Monday, 19 October 2015

Water and Sanitation REFORMS vs Nigeria's Unenviable Open Defecation World Record.

  1. Problem: There is an insufficiency in water availability in Nigeria. Only 0.02% of an irrigation potential of 3.14 million hectares is currently in use. Only 18% of an impounded water potential of 31 billion cubic metres in 200 dams is effectively utilised. Nigeria has one of the highest rates of open defecation in the world.

    Reform Actions:
    Re-establishment of the Federal Ministry of Water Resources in 2010
    - Presidential Retreat on Water in 2013
    - Strengthening of Policies and Strategies on Water
    - Development of Water Sector Roadmap in 2011
    - Engagement of Stakeholders
    - Establishment of a Water Sector Reform and PPP Unit
    - Release of Annual Flood Outlook from 2013
    - Revitalisation of the River Basin Authorities
    - Completion of New Dams in 2012
    - Major Water Schemes across the country.

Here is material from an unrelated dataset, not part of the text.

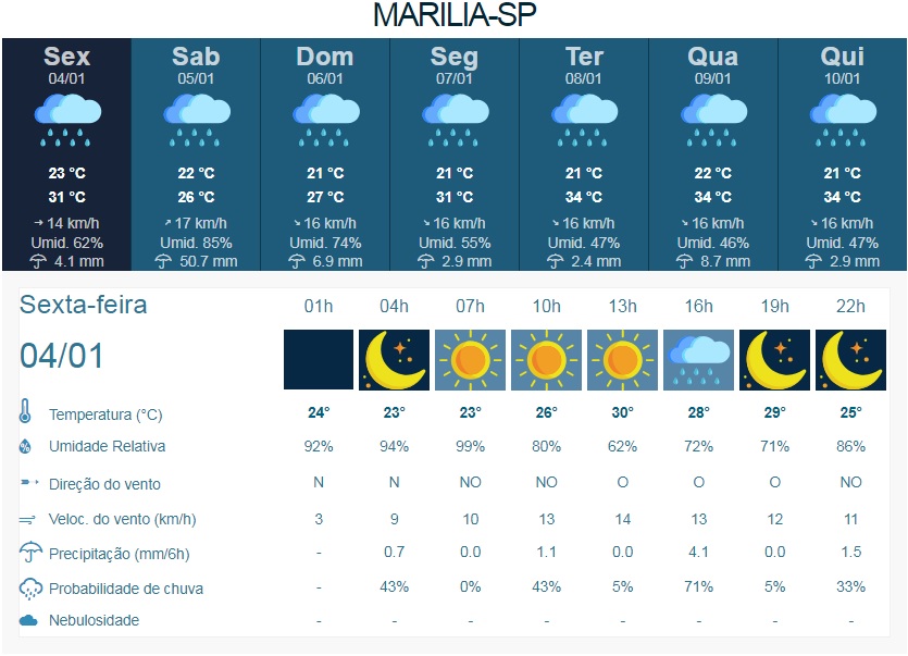 Bastante chuva é a previsão do tempo para Marília feita pelo Instituto de Pesquisas Meteorológicas (IPMet) da Universidade Estadual Paulista (Unesp) para os próximos dias. Nesta sexta-feira (4) também deve cair mais água do céu, cerca de 4,1 milímetros.

    Main Achievements: Reforms have increased access to potable water from 58% to 65% coverage, while access to improved sanitation facilities moved from 32% to 41%. Reforms have also led to rehabilitation of 12 River Basin Development Authorities and construction of nine new dams.

    Key Challenges: 
    • (a) 60% of water in urban areas is unaccounted for; and 
      (b) Nigeria has the highest rate of public defecation in Africa and one of the highest rates in the world; the trend has worsened from 23 million people practicing open defecation in 1990 rising to 39 million in 2012; 
      (c) many rural water initiatives have failed and often produce no water beyond the date of commissioning; and 
      (d) the use of private bore holes by citizens is a major feature of this sector.